Case ID: ad2d_154/html/0832-01.html
Source: Caselaw Access Project
Author: {"author": "Per Curiam.", "license": "Public Domain", "url": "https://static.case.law/"}
Date Created: 2024-08-24T03:29:51.129683

(October 25, 1989)
    In the Matter of William F. Sheehan, Appellant, v George P. Scaringe et al., Constituting the Albany County Board of Elections, et al., Respondents.
   Per Curiam.

Appeal from a judgment of the Supreme Court (Keniry, J.), entered October 10, 1989 in Albany County, which denied petitioner’s application, in a proceeding pursuant to Election Law § 16-102, to declare invalid the independent nominating petition naming various respondents as the Independent Anti-Bypass Party candidates for certain offices of the Town of Guilderland in the November 7, 1989 general election.

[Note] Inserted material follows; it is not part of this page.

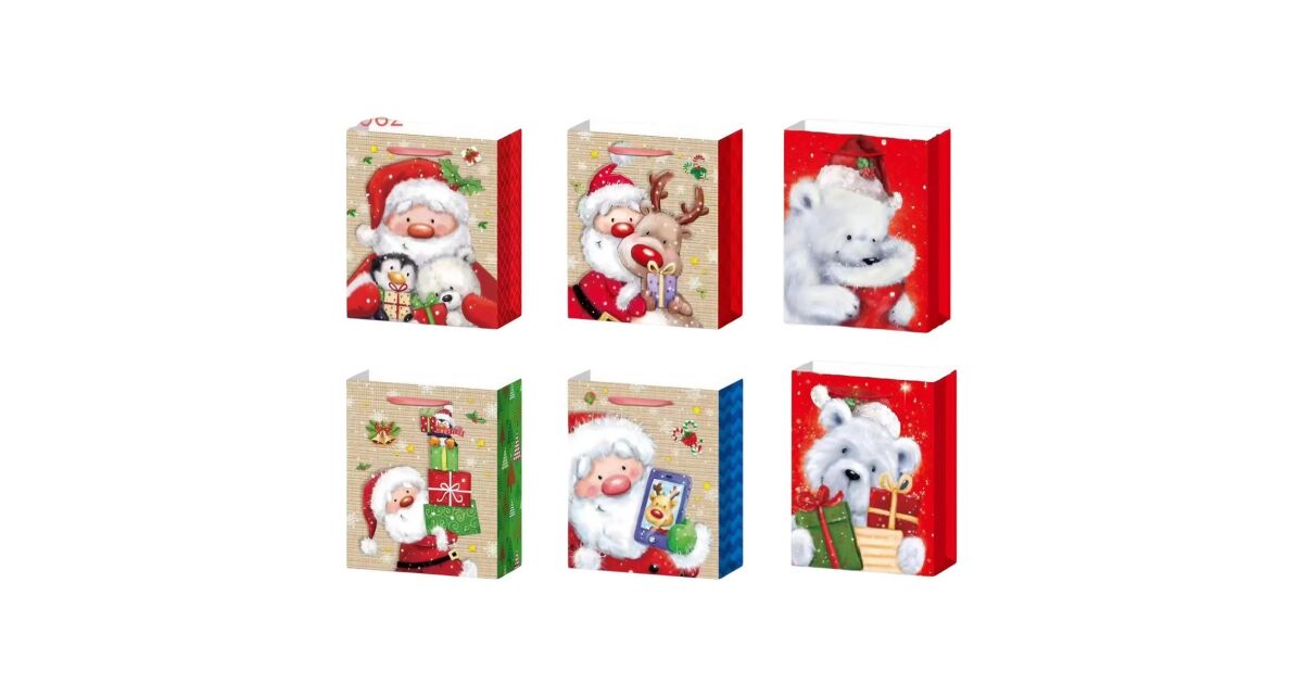 Ezt a terméket így is ismerheted: 6 db-os ajándéktasak készlet, KeepHome, nyomtatott témájú Mikulás és mackó, véletlenszerű minta, papír, egyszerű ajándékcsomagolás, 18,5x22,5x8,5 cm, többszínű

Petitioner commenced this proceeding raising numerous objections to the independent nominating petition for respondents James P. Cleary, William F. Aylward and Gene D. Therriault (hereinafter collectively referred to as respondents) as the candidates of the Independent Anti-Bypass Party for Supervisor and Councilmen in the Town of Guilderland. The parties agree that 550 signatures are required for placement on the ballot in the general election. The nominating petition as filed contained 667 signatures. Supreme Court, either upon stipulation or challenge, invalidated 103 signatures so that the nominating petition contained 564 valid signatures, more than the minimum required. Accordingly, Supreme Court denied petitioner’s application and petitioner appeals.

Before reaching the merits, we must reject petitioner’s contention that Supreme Court improperly denied his motion for a default judgment. It appears from the record that the motion was precipitated by respondents’ failure to file a timely answer, which respondents explained resulted from law office failure. Supreme Court, in denying petitioner’s motion, conditioned respondents’ service of an answer on a $100 sanction, which was apparently satisfied. In light of the sanction imposed and respondents’ reasonable excuse of law office failure, we find no abuse of Supreme Court’s discretion in this regard (see, CPLR 2005, 3012 [d]).

Turning to the merits, Election Law § 6-140 (1) requires that the subscribing witness to each sheet of an independent nominating petition specify his or her "residence address, also post office address if not identical”. On this appeal, petitioner challenges 17 sheets of the petition containing some 273 contested signatures on the ground that the subscribing witnesses’ residence addresses differ from their post-office addresses although the latter are not specified. Respondents do not seriously dispute that the addresses are different but argue that any omission is not misleading or likely to cause misidentification or confusion. Supreme Court concluded that the post-office address requirement is one of form rather than content and their absence, which is not likely to cause confusion, did not require invalidation of the contested sheets.

It occurs to us, however, that the post-office address requirement is analogous to the requirement of Election Law § 6-140 (1) that a subscribing witness set forth his or her election and assembly district. This requirement is considered not one bf form but one of content, for which there should be strict compliance (see, Matter of Liss v Sadowski, 59 NY2d 635, 636). Our inquiry, then, is not whether the omission is misleading or likely to cause misidentification or confusion, but rather whether the required information is specified on the petition. In the absence of the required post-office addresses being specified, petitioner’s objections in this regard must be upheld.

Respondents’ reliance on Matter of Regan v Toole (104 AD2d 728, affd on mem, below 63 NY2d 681) is misdirected. In Regan (supra, at 728), there was "no showing in the record that the addresses of the subscribing witnesses’ residences and their post office addresses [were] not identical”, whereas here there is no genuine dispute about the differences. Likewise, respondents’ reliance on Matter of McLiverty v Lefever (133 AD2d 720) is unpersuasive because the court in that case, in upholding the nominating petition, relied on extrinsic proof that mail sent to the residence address of the subscribing witness would be delivered to the subscribing witness notwithstanding a different, omitted post-office address. Such proof is not present here and, in any event, indicates that substantial, rather than strict, compliance was the standard applied by the court, a standard we eschew.

Petitioner’s objection concerning the omitted post-office addresses invalidates some 273 of the remaining 564 signatures, clearly leaving less than the required 550 valid signatures. Accordingly, the judgment must be reversed and petitioner’s request that the nominating petition be declared invalid granted. This determination makes it unnecessary for us to consider petitioner’s other claims.

Judgment reversed, on the law, with costs, petition granted and the independent nominating petition naming respondents James P. Cleary, William F. Aylward and Gene D. Therriault as the Independent Anti-Bypass Party candidates for Supervisor and Councilmen of the Town of Guilderland in the November 7, 1989 general election declared invalid. Mahoney, P. J., Casey, Weiss, Mercure and Harvey, JJ., concur. 
      
       Our review of the record reveals that 37 signatures, not 38 as determined by Supreme Court, were invalidated upon stipulation. This difference, however, is inconsequential in view of our determination.